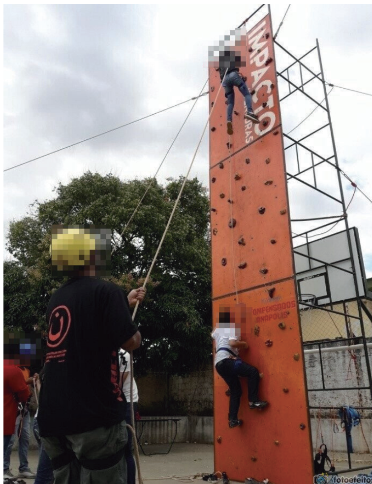
FIGURA 3 – ESCALADA NO PAREDÃO.
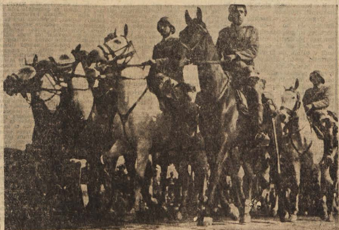
Konjenica na pohodu

daj skupščina potrditi ne ustreja potrebam Francije.« Načel je tudi vprašanje, »kaj bo zadržalo ponovno oboroženo in združeno Nemčijo od izločitve iz zahodnega bloka?«
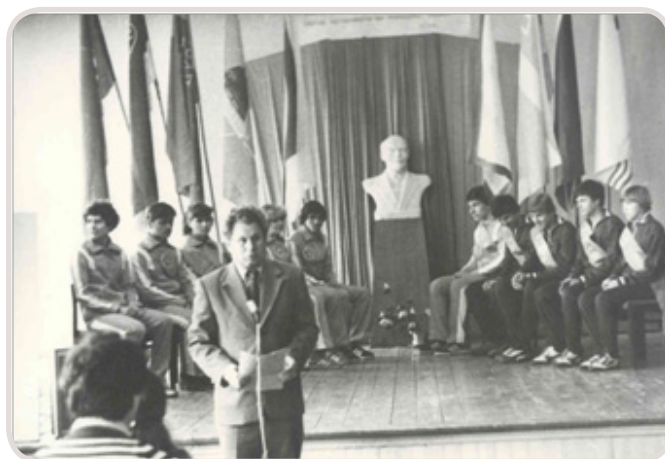
Открытие музея спорта (1981 год)
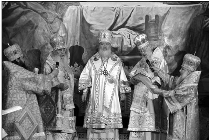
Moscova. Intronizarea Patriarhului Kiril

În perioada 25-29 ianuarie la Moscova și-au desfășurat lucrările Soborul Arhieresc și Sinodul Local al BO Ruse. Întrunirile au fost determinate de văduvirea scaunului Patriarhiei Moscovei în urma trecerii la Domnul a SS Alexei al II-lea la 5 decembrie 2008. A fost formată o comisie specială, care a pregătit convocarea Soborului Local pentru alegerea noului Întâistătător.
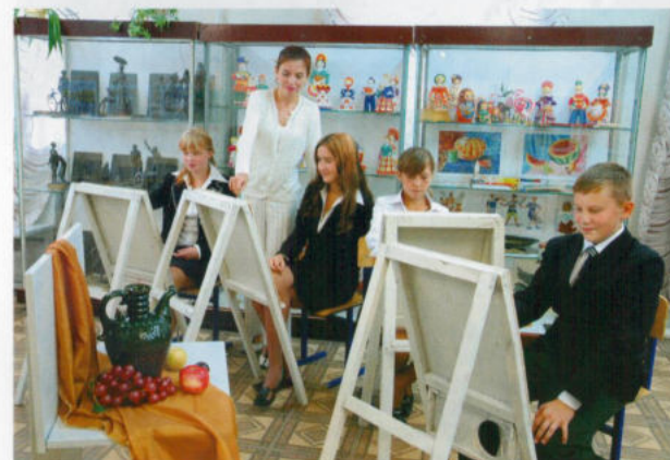
Урок живописи в детской художественной школе
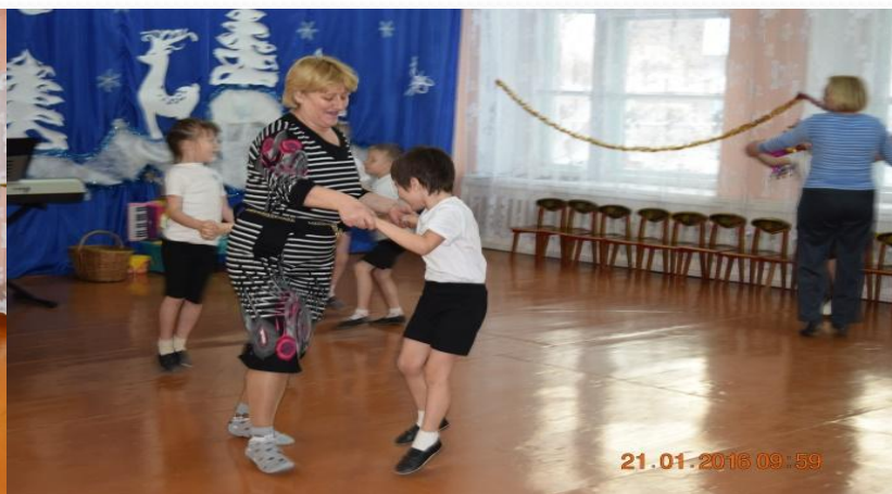
«Танцы со сменой партнера»

Assignment:
Write out the data exactly, but not its pictures.

Response to the task:
FIGURA 3 – ESCALADA NO PAREDÃO.
Konjenica na pohodu

daj skupščina potrditi ne ustreja potrebam Francije.« Načel je tudi vprašanje, »kaj bo zadržalo ponovno oboroženo in združeno Nemčijo od izločitve iz zahodnega bloka?«
Открытие музея спорта (1981 год)
Moscova. Intronizarea Patriarhului Kiril

În perioada 25-29 ianuarie la Moscova și-au desfășurat lucrările Soborul Arhieresc și Sinodul Local al BO Ruse. Întrunirile au fost determinate de văduvirea scaunului Patriarhiei Moscovei în urma trecerii la Domnul a SS Alexei al II-lea la 5 decembrie 2008. A fost formată o comisie specială, care a pregătit convocarea Soborului Local pentru alegerea noului Întâistătător.
Урок живописи в детской художественной школе
«Танцы со сменой партнера»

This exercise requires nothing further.